I believe there would be no cha he of behavior if we strike the “except” that can no longer occur. I agree with everyone else that we should not change the status of any existing UB - that is for SG12 (and on my todo list as soon as I get some free cycles).
AlisdairM
Sent from my iPhone
> On Mar 28, 2021, at 16:27, Jens Maurer <Jens.Maurer_at_[hidden]> wrote:
>
> On 28/03/2021 22.20, Alisdair Meredith via SG16 wrote:
>> I’m still not sure I see it. The UB in [lex.phases]p2 is entirely when reverting changes
>> in raw string literals, and my understanding of this paper is the only raw string reversion
>> that remains is line splicing, and the presence of the newline character means that this
>> reversion could never produce a UCN - hence, that particular UB is no longer possible
>> as its circumstances can no longer occur.
>
> Are you talking about this sentence?
>
> "Except for splices reverted in a raw string literal, if a splice results in a
> character sequence that matches the syntax of a universal-character-name, the
> behavior is undefined."
>
> Note that it says "except for .. raw string literal", so it applies to splices
> outside of raw string literals. And there, UCNs definitely exist.
>
> Jens
>
>
>> I have no issue with the p4 UB moving into the preprocessor clause, merely wished to
>> highlight it with an editorial note or similar so that it was clear no UB was changing,
>> merely the place where it is documented is being moved, in the hope of avoiding this
>> kind of thread in a later discussion ;)
>>
>> AlisdairM
>>
>>>> On Mar 28, 2021, at 3:06 PM, Corentin Jabot <corentinjabot_at_[hidden] <mailto:corentinjabot_at_[hidden]>> wrote:
>>>
>>>
>>>
>>>> On Sun, Mar 28, 2021 at 8:56 PM Alisdair Meredith via SG16 <sg16_at_[hidden] <mailto:sg16_at_[hidden]>> wrote:
>>>
>>> This paper touches, incidentally, wording that is of concern to SG12 regarding UB.

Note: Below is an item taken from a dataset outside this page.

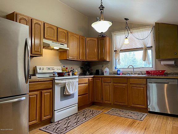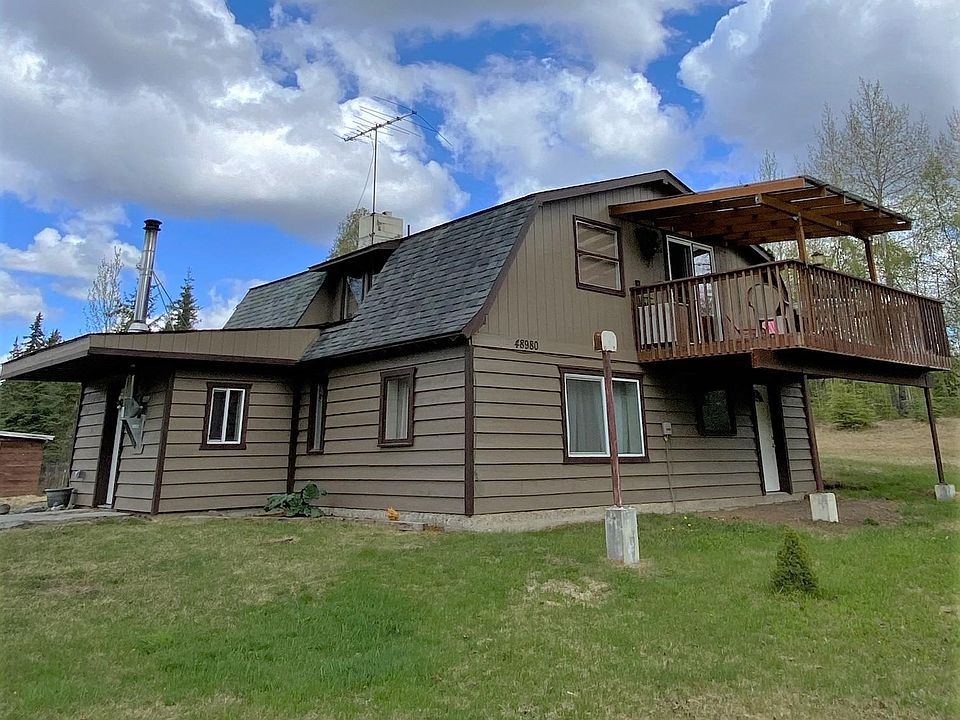 Wonderful country living home located just south of Soldotna. Situated on a 1.22 acre lot, this home includes 2 large outbuildings, a root cellar, woodstove, covered 2nd story deck, and even a sauna! Tons of south facing land for a future garden, and don't forget about the root cellar to store all your homegrown veggies!

>>> To ease communication/concerns, it might be worth pointing out the that UB wording
>>> added to [lex.concat] is not new UB, but merely moving where we document the
>>> existing UB in [lex.phases]p4.
>>>
>>> As part of this cleanup, is the UB in [lex.phases]p2 still possible, or does the raw
>>> remaining string reversion no longer have the ability to accidentally form a UCN as
>>> all we are reverting is line-splicing, which implies there must be a new-line character
>>> emdedded in any reversion, which would not enable forming a UCN?
>>>
>>>
>>> There is still UB. While we don't replace unicode by UCNs in phase 1 anymore, there still may be UCNs spelled in the source.
>>>
>>> Removing the UB in lexing is on my radar.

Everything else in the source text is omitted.